Directions :: Starting at the first line of the data and ending at the line with "1000 Pesetas. November", copy each line exactly. Include both of those lines, but no pictures.

Data ::
* * *

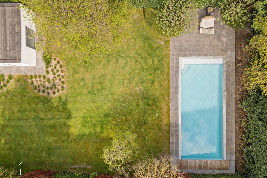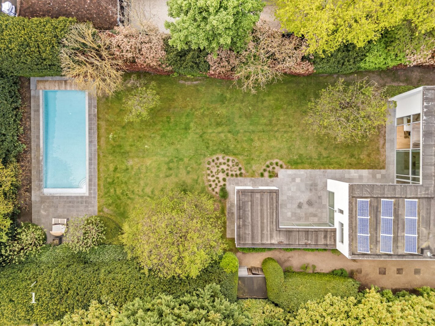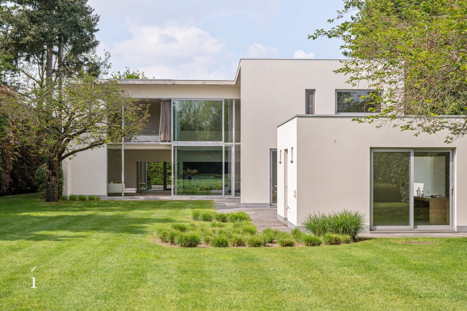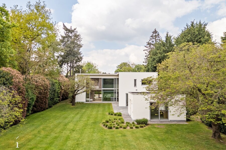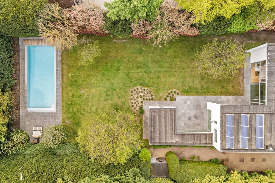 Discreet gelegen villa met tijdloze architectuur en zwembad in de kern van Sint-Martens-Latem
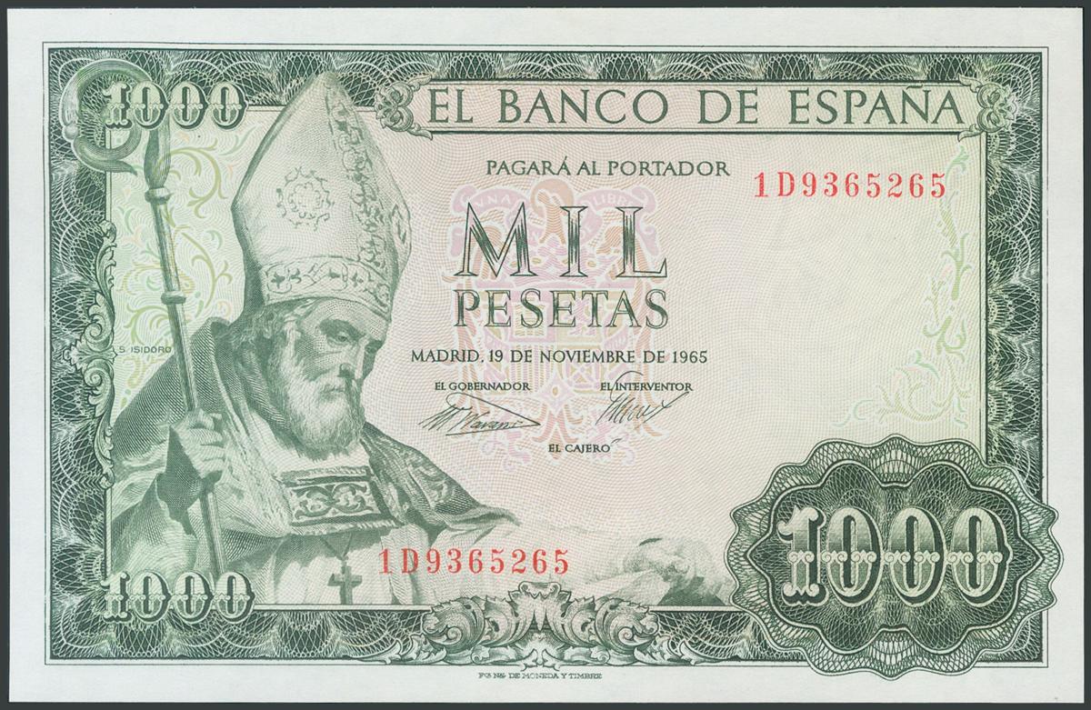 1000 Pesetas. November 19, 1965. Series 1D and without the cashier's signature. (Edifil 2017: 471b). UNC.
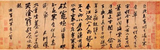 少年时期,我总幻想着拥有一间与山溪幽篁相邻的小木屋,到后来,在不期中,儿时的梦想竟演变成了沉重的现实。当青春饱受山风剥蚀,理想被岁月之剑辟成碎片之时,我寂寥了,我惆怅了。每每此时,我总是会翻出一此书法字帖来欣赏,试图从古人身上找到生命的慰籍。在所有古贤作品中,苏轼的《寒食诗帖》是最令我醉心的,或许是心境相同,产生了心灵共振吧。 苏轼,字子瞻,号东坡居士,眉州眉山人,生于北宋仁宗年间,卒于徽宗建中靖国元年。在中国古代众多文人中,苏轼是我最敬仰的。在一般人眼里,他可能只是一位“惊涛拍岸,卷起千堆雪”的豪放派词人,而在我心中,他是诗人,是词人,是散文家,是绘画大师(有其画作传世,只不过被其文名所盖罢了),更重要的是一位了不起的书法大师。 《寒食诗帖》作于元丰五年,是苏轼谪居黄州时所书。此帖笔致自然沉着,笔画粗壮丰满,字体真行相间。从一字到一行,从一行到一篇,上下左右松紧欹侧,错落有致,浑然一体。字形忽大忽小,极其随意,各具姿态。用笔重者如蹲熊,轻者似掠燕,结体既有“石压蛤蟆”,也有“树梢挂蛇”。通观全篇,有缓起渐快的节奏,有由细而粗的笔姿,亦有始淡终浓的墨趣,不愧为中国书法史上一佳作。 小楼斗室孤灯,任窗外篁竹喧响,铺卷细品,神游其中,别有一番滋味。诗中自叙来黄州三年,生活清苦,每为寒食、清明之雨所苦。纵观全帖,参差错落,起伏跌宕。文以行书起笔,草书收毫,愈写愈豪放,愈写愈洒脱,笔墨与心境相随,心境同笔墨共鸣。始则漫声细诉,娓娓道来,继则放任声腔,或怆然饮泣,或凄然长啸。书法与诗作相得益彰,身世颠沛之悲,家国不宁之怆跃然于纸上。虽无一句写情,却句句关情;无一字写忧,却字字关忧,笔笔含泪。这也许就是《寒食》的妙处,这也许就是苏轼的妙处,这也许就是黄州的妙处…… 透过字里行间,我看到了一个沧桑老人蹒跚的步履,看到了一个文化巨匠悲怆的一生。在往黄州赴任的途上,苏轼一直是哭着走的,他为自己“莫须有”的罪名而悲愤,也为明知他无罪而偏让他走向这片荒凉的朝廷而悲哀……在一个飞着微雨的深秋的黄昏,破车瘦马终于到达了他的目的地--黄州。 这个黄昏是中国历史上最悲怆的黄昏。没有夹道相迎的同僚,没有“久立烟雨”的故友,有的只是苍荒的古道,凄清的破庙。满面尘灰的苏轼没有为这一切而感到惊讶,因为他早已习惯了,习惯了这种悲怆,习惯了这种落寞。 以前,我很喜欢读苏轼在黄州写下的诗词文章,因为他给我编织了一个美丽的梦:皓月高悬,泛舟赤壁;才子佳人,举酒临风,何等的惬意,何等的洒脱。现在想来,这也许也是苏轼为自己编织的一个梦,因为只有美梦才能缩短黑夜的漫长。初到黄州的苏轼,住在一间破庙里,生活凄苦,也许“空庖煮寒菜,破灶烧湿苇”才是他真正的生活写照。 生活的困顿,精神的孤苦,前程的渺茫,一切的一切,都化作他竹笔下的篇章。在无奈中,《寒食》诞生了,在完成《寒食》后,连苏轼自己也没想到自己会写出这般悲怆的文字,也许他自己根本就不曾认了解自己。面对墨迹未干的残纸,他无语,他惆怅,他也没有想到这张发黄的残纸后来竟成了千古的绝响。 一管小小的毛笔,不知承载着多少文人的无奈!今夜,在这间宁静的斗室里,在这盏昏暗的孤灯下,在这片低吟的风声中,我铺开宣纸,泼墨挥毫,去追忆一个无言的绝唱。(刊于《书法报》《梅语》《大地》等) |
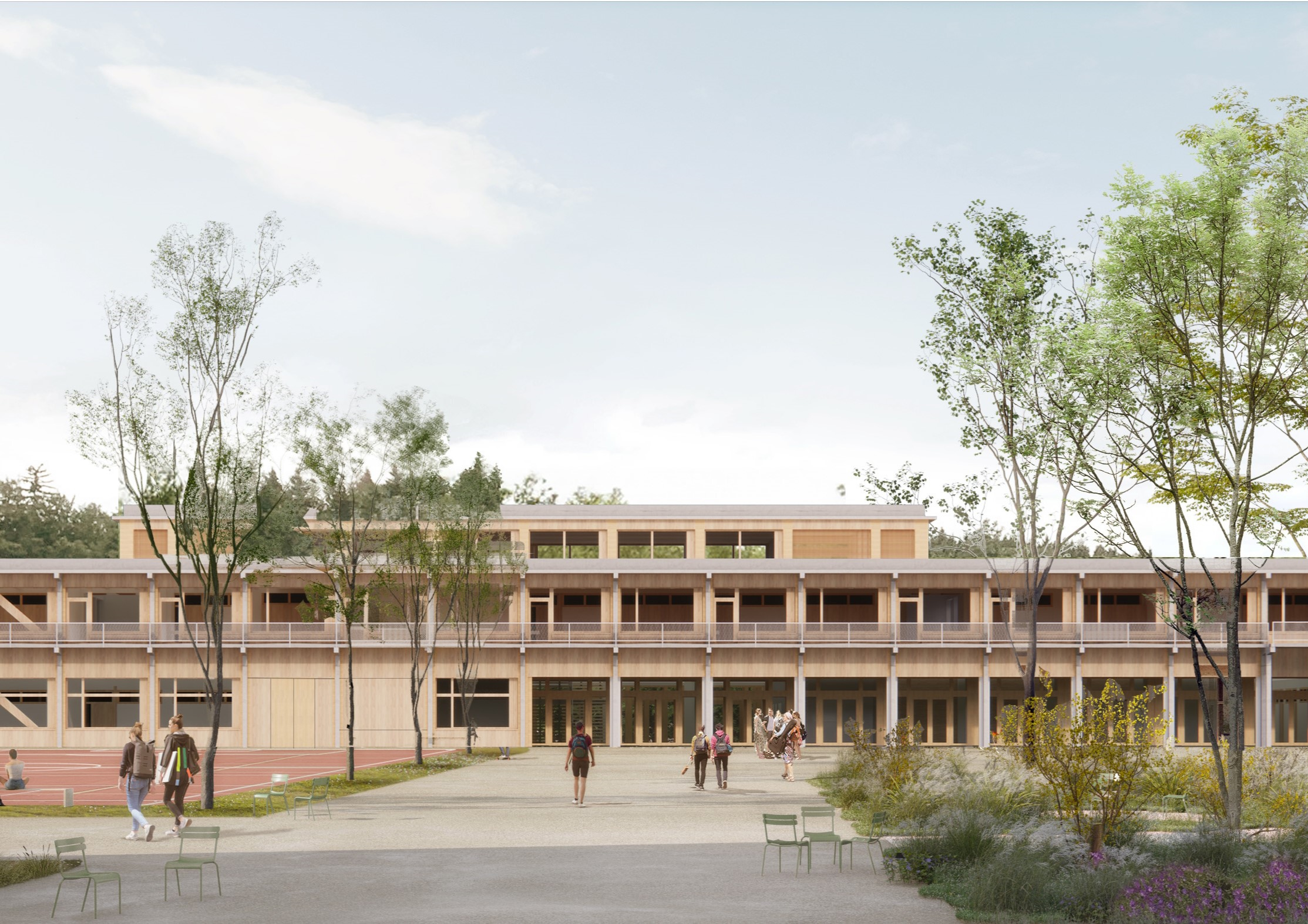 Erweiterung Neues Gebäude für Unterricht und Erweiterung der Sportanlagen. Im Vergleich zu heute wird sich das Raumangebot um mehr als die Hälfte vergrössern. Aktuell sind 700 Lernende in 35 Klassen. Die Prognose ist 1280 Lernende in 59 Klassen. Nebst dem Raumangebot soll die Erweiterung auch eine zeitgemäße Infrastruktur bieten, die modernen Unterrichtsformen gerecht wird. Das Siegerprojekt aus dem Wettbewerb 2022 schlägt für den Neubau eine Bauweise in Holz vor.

* * *

Written solution ::
 Discreet gelegen villa met tijdloze architectuur en zwembad in de kern van Sint-Martens-Latem
 1000 Pesetas. November 19, 1965. Series 1D and without the cashier's signature. (Edifil 2017: 471b). UNC.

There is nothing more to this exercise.